Bradley Manning case stretches credibility of US computer fraud law - Libertatea
http://www.theguardian.com/technology/2013/aug/04/bradley-manning-case-credibility-computer-fraud-law
======
jacquesm
It's interesting he brought up My Lai
([http://en.wikipedia.org/wiki/My_Lai_Massacre](http://en.wikipedia.org/wiki/My_Lai_Massacre)),
there are more recent examples from Iraq that could be used just the same.
Immunity from war crimes seems such a weird concept. I think it is the flip
side of aggressively prosecuting whistleblowers, it sends a signal to the rest
of the people in the employ of the government. 'Even if you do this, we'll
protect you' and 'If you do this, we'll hound you forever'. It would be quite
refreshing to see a nation-state prosecute its military and contractors
(mercenaries, really) suspected of war crimes with the same zeal with which
they target whistle-blowers.

Regarding the charges relating to computer fraud: This is like wire fraud.

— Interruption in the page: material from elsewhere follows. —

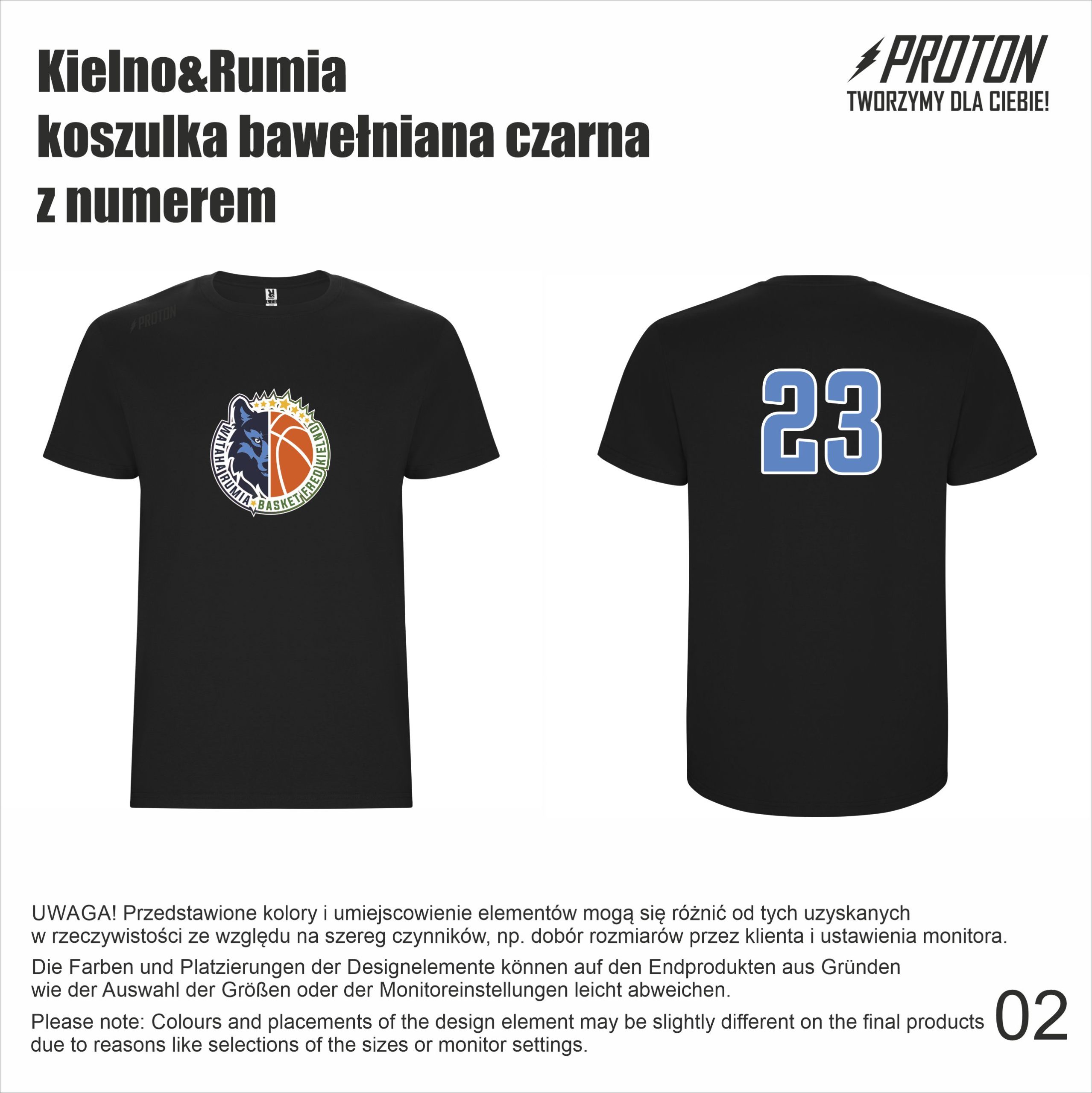 Czarna, bawełniana koszulka z nadrukiem logo Kielno&Rumia na przodzie i numerem na tyle koszulki.

It's apparently pretty hard to do anything illegal in the USA without getting
a charge of mail / wire fraud attached to it. I figure anything that involves
a computer and that displeases someone in an official position is grounds for
a computer fraud case. So I think the writers assertion that mailing the same
documents in paper form would have had a different effect is wrong. The only
thing that I think would change is that computer fraud would be replaced by
mail fraud.

Manning is being charged with all this mostly because he embarrassed the US
administration, not because of any fraud or real life fall out (contrary to
earlier claims of lives put at risk and deaths related to the leaks no
specific death has been positively linked to the leaks and any such claims
were retracted during the case). The Image of the USA has been damaged, the
recent NSA leaks damage it further. Instead of asking itself how to remedy the
root causes an example is made out of those that stood up. Business as usual,
unfortunately.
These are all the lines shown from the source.